Effective re-entry plans document specific exposure steps, staff responsibilities, communication routines, reinforcement plans and progress monitoring. Academic adjustments, critical in addressing school refusal because academic pressure often maintains or intensifies school avoidance, are outlined. Regression is common and as such, re-entry plans should describe responses to backsliding such as maintaining attendance expectations, returning to the last successful step, identifying triggers, and temporarily increasing support. Attendance goals should focus on participation in the re‑entry plan rather than raw attendance percentages, and target skill acquisition such as emotional regulation and coping skills. Predictable and consistent routines, warm handoffs, support during transitions, modified response expectations during exposure, and planned coping breaks with clear return expectations are additional effective plan components. School staff should aim to be specific when writing accommodations; always consider what skill is being targeted, and consider how the accommodations can potentially fade over time as the skill is developed.
Placement and services
Districts should be thoughtful regarding placement and services, ensuring access to educationally related mental health services, behavior intervention services, parent counseling and training, and coordination with outside providers when appropriate. Home instruction, virtual learning, and independent study can exacerbate anxiety when used as primary responses to school refusal. Less restrictive options that maintain connection to campus while supporting exposure, such as hybrid programs, are often more effective.

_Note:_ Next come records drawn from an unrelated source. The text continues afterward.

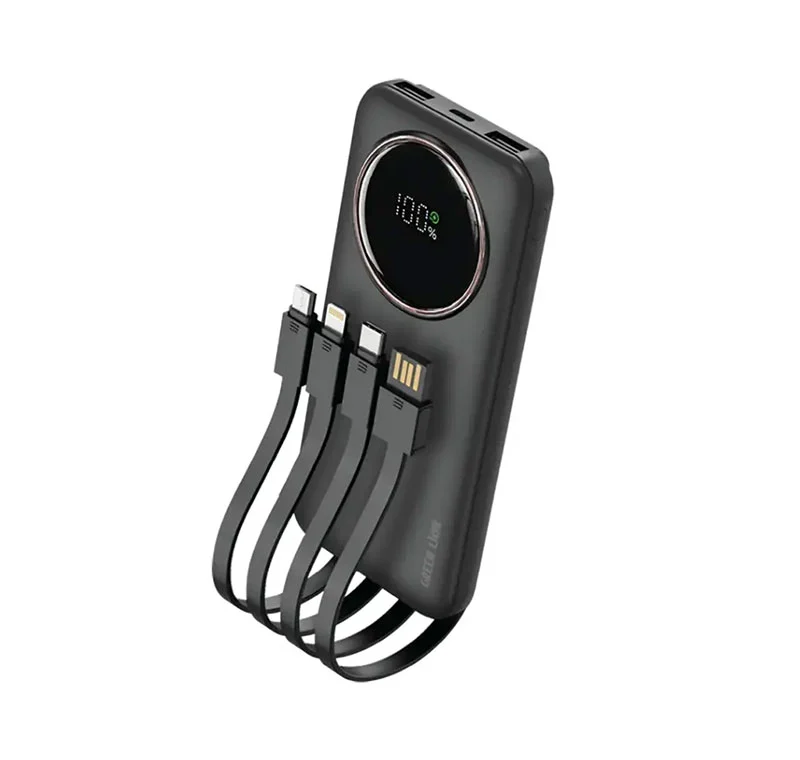 کابلهای تعبیهشده در بدنه: مجهز به سه کابل داخلی شامل Type-C، Lightning و Micro-USB که به صورت منظم در بدنه جاسازی شدهاند.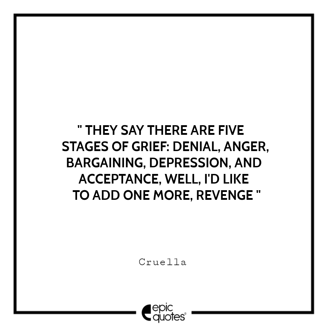 12 They say there are five stages of grief: Denial, anger, bargaining, depression, and acceptance, Well, I’d like to add one more, Revenge. -Cruella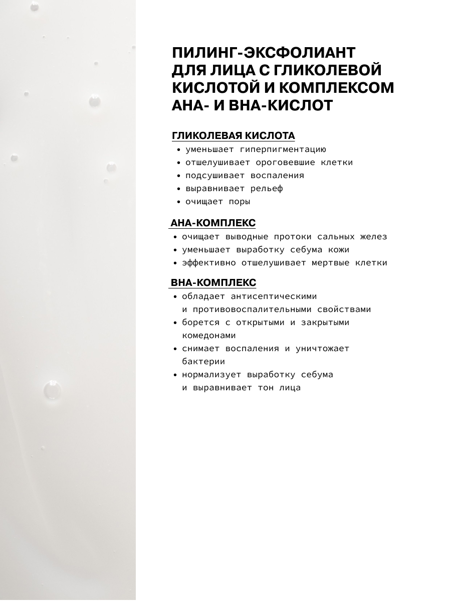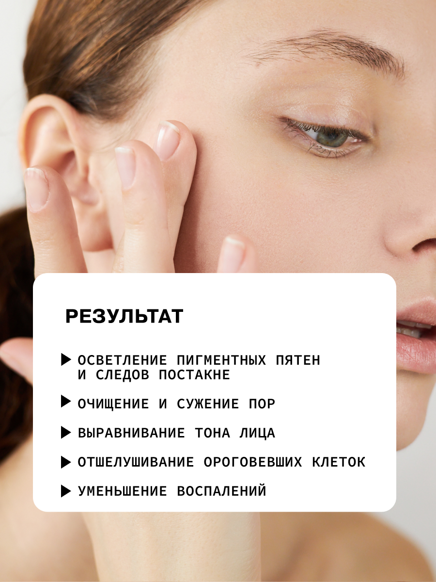 АНА-кислоты осветляют, увлажняют кожу, сужают поры и повышают синтез коллагена и эластина. Гликолевая и салициловая кислоты отшелушивают кожу и очищают поры. Для всех типов кожи.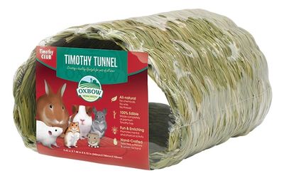 100% all-natural Timothy Club Tunnels are hand-woven to perfection. Oversized, all-grass construction offers a place to rest and relax inside or outside the cage. Open construction encourages your pet's natural movements and curiosity. Edible construction offers your small pet the high fibre he needs and craves. Contains no chemicals, wire, or thread for your small pet to ingest. Size: 250 x 190 x 180 mm.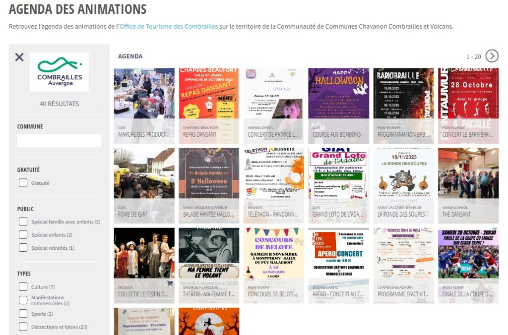 J’ai un hôtel et mes clients me demandent régulièrement les animations prévues, ou encore les visites à proximité. Je peux afficher un widget des animations de ma communauté de communes, ou d’un rayon kilométrique, ou de toutes les Combrailles sur mon site. Et avec un widget des sites de visite, au moment de la réservation, les clients potentiels pourront voir les animations pour le week-end où ils souhaitent venir, et programmer leurs visites !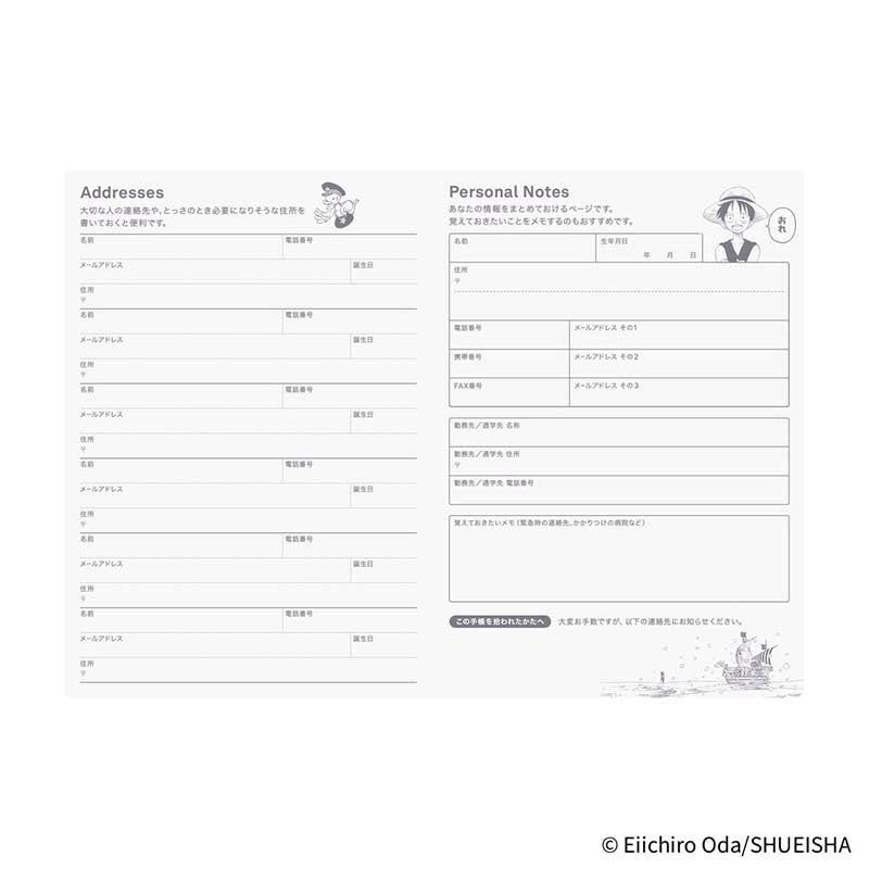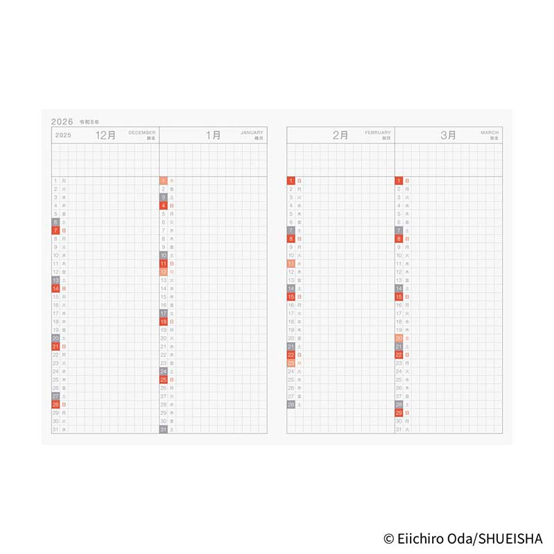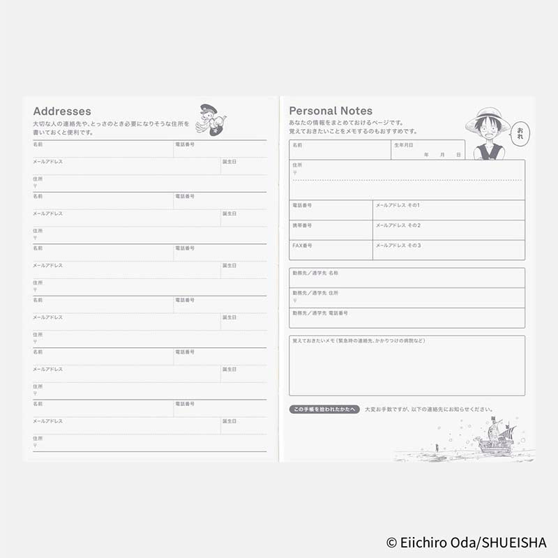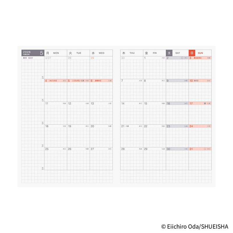 - Agenda interior Hobonichi Techo A6 versión japonés 2026 de ONE PIECE.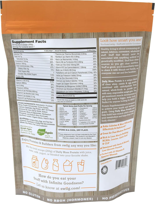 swiig Chocolate Mass Builder Protein Powder - Non-GMO, No Artificial Ingredients, No Fillers - 3.3lbsVendor:swiigRegular price $195.95 AUDRegular priceUnit price / per-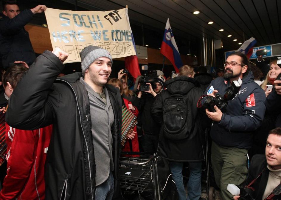 Kristan Slovenija reprezentanca hokej povratek letališče Brnik olimpijske kvalif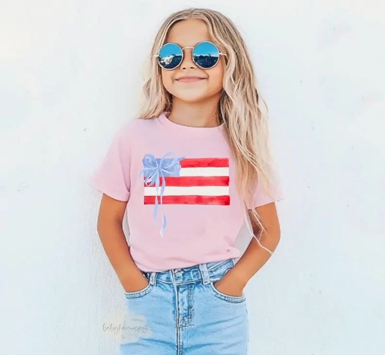 Coquette Flag Shirt, Girls Coquette 4th of July Shirt,  4th of July Shirt, Patriotic Shirt, Coquette Bow Shirt, Coquette America Tee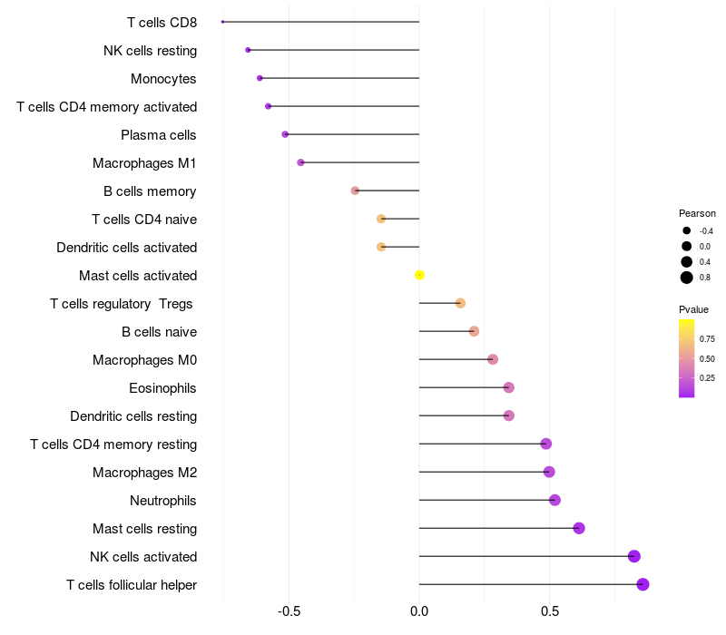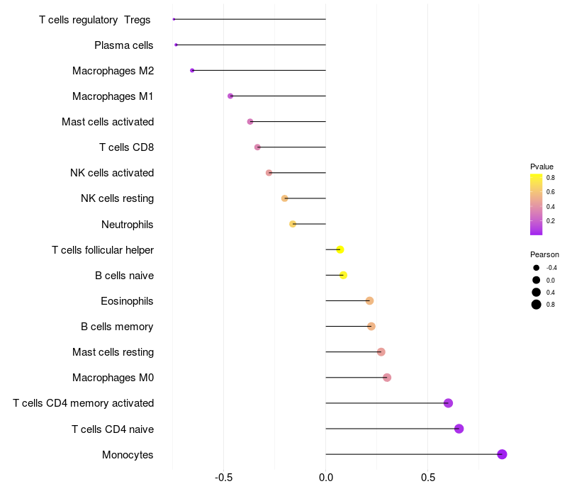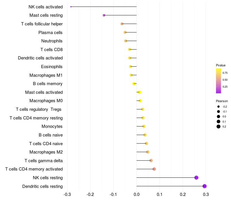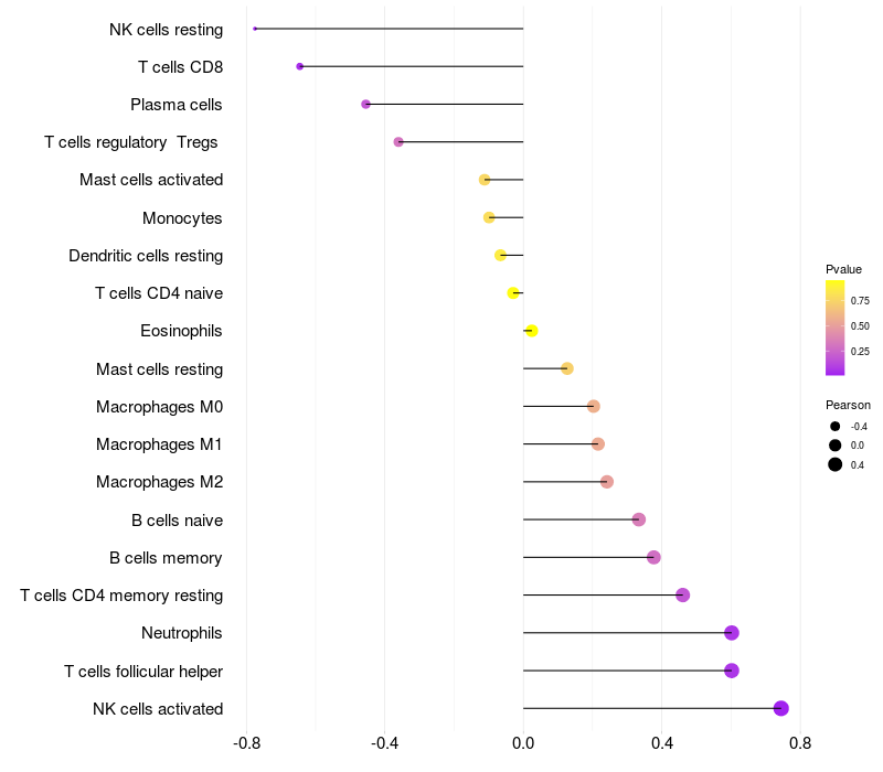 Lollipop of TCN2 expression and immune infiltrating cell level correlation result in HBV+ Liver cirrhosis samples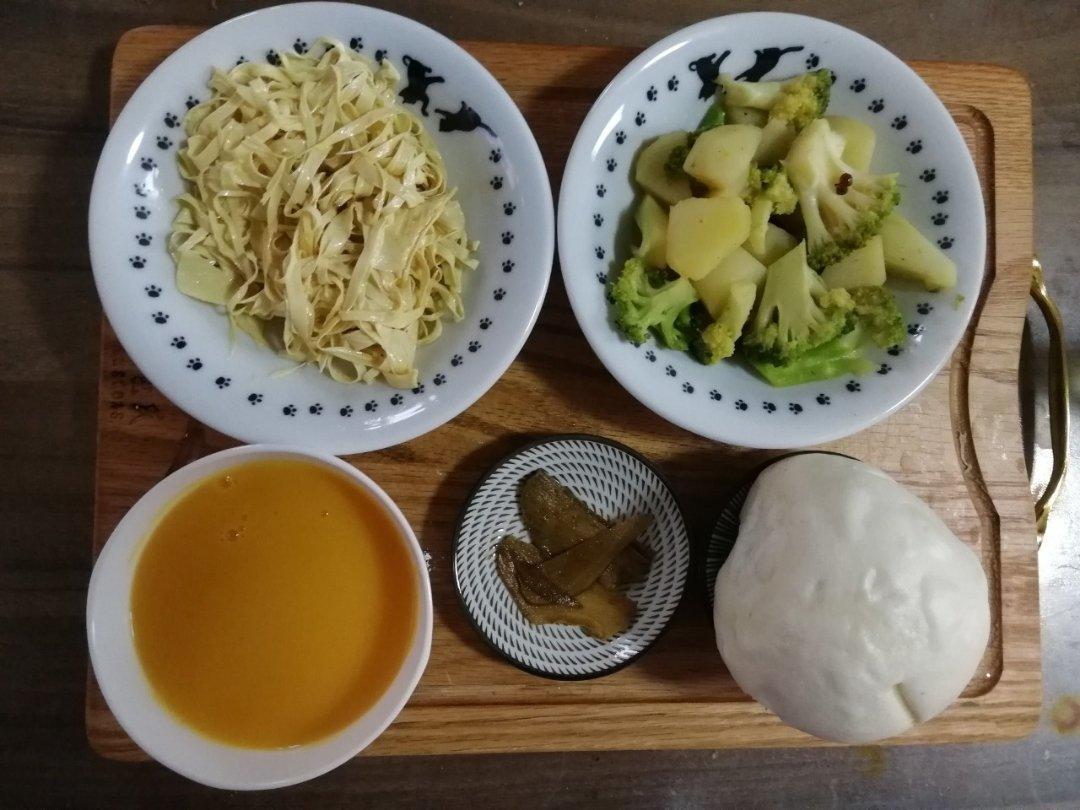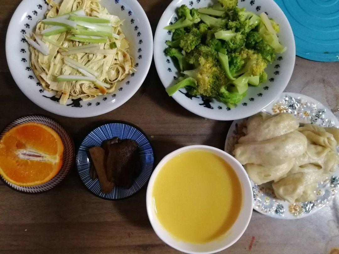清炒西兰花,拌油豆皮,醋泡姜片,蒸橙子,南瓜小米糊,葱油花卷

In conclusion, school refusal is often not a failure of motivation or compliance, but a treatable, anxiety-driven pattern that requires timely, coordinated, and evidence-based intervention. When districts respond with collaboration and evidence-based supports, they uphold their legal and educational responsibilities and ultimately improve student outcomes.
Kristen McNeely is a Licensed Marriage and Family Therapist and Board Certified Behavior Analyst, and owner of Kristen McNeely Consulting. Susan Roberts is a former special education administrator and Next Level Client Services Consultant with F3 Law. Wes Parsons is a partner at F3 Law.